**What you should do**
Go to the line below that has "石墨文档官网(全称:石墨文档", print it and each line after it exactly, and stop after the line that has "2月14日,内蒙古自治区交通"; leave out pictures.

**Given records**
######
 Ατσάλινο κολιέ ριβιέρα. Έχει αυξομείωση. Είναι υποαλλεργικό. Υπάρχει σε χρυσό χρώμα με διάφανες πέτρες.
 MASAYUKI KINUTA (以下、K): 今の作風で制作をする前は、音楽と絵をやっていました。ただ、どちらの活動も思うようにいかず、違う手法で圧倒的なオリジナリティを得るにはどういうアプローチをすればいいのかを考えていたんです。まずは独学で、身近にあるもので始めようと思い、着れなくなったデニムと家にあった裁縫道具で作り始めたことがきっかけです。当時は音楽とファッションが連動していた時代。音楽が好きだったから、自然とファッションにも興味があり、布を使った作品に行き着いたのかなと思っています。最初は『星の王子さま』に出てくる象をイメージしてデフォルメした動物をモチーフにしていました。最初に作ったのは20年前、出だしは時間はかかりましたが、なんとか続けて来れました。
######
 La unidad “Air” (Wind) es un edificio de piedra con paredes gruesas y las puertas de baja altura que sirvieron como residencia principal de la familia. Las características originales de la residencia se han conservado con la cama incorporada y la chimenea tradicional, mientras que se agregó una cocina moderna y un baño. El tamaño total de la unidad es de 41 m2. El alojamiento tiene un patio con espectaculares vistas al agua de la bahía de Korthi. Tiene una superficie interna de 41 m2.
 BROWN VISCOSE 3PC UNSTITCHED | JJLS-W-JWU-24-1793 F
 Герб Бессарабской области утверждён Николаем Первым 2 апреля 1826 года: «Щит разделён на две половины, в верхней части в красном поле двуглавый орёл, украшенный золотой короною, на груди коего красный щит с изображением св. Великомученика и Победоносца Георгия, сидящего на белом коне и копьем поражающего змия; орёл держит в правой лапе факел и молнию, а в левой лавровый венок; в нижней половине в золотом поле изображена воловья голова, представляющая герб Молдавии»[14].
######
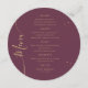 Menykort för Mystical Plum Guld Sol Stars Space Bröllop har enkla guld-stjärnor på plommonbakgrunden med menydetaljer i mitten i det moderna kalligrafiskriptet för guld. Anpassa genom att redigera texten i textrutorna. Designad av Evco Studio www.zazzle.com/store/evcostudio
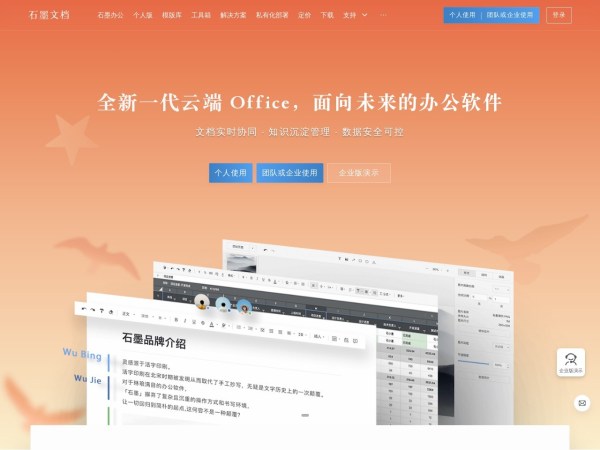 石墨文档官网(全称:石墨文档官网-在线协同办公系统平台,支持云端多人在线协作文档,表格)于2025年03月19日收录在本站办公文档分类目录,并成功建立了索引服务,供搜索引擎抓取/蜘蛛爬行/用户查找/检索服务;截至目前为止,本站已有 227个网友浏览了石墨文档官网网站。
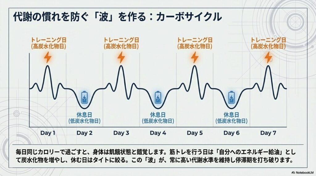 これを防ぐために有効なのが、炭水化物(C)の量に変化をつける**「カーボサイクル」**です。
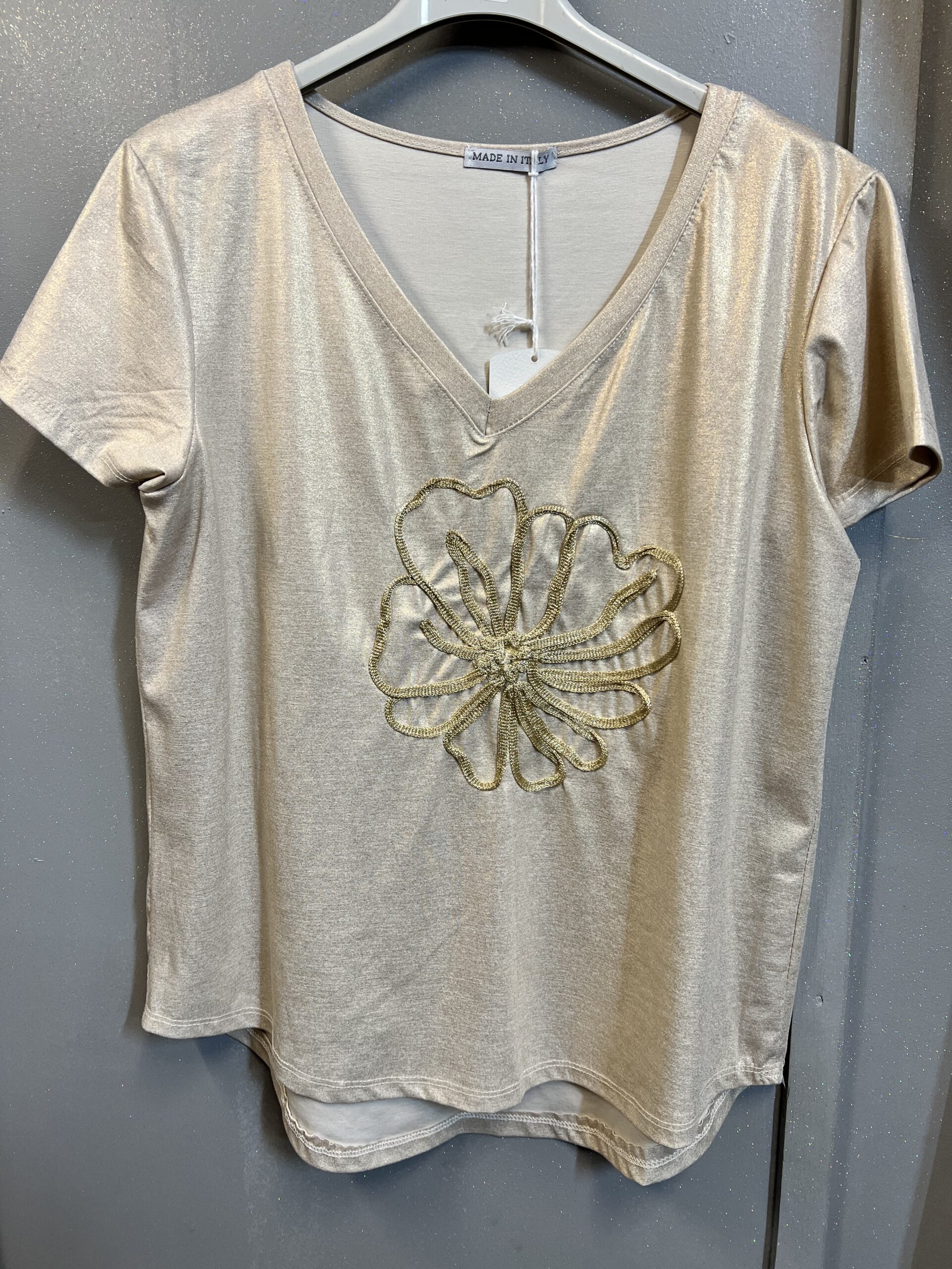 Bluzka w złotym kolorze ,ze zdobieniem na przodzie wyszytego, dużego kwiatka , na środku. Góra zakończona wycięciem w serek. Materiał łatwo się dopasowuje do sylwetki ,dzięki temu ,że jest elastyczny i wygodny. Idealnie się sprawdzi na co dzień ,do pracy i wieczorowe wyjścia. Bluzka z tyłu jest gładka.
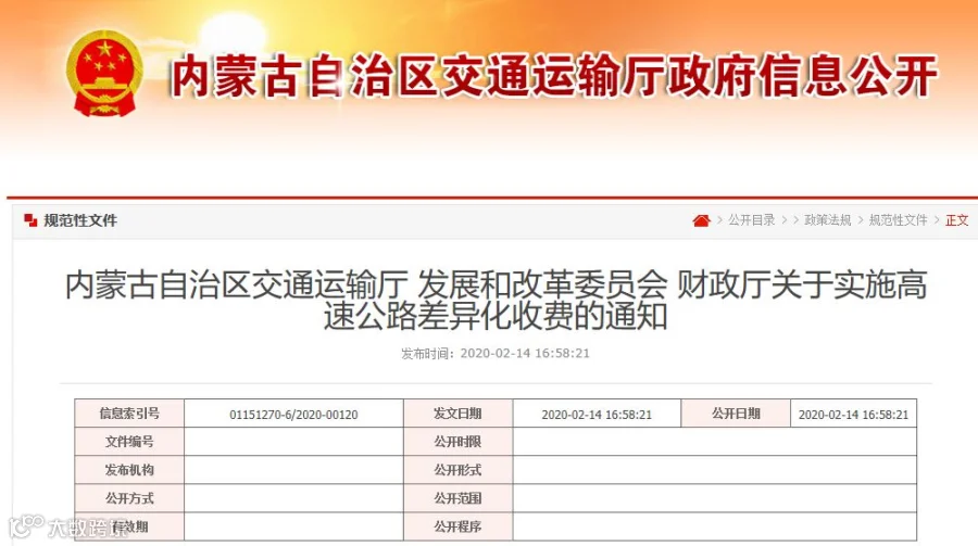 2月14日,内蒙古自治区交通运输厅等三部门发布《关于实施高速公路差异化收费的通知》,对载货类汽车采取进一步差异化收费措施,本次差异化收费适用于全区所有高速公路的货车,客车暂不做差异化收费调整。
######
**Task solution**
 石墨文档官网(全称:石墨文档官网-在线协同办公系统平台,支持云端多人在线协作文档,表格)于2025年03月19日收录在本站办公文档分类目录,并成功建立了索引服务,供搜索引擎抓取/蜘蛛爬行/用户查找/检索服务;截至目前为止,本站已有 227个网友浏览了石墨文档官网网站。
 これを防ぐために有効なのが、炭水化物(C)の量に変化をつける**「カーボサイクル」**です。
 Bluzka w złotym kolorze ,ze zdobieniem na przodzie wyszytego, dużego kwiatka , na środku. Góra zakończona wycięciem w serek. Materiał łatwo się dopasowuje do sylwetki ,dzięki temu ,że jest elastyczny i wygodny. Idealnie się sprawdzi na co dzień ,do pracy i wieczorowe wyjścia. Bluzka z tyłu jest gładka.
 2月14日,内蒙古自治区交通运输厅等三部门发布《关于实施高速公路差异化收费的通知》,对载货类汽车采取进一步差异化收费措施,本次差异化收费适用于全区所有高速公路的货车,客车暂不做差异化收费调整。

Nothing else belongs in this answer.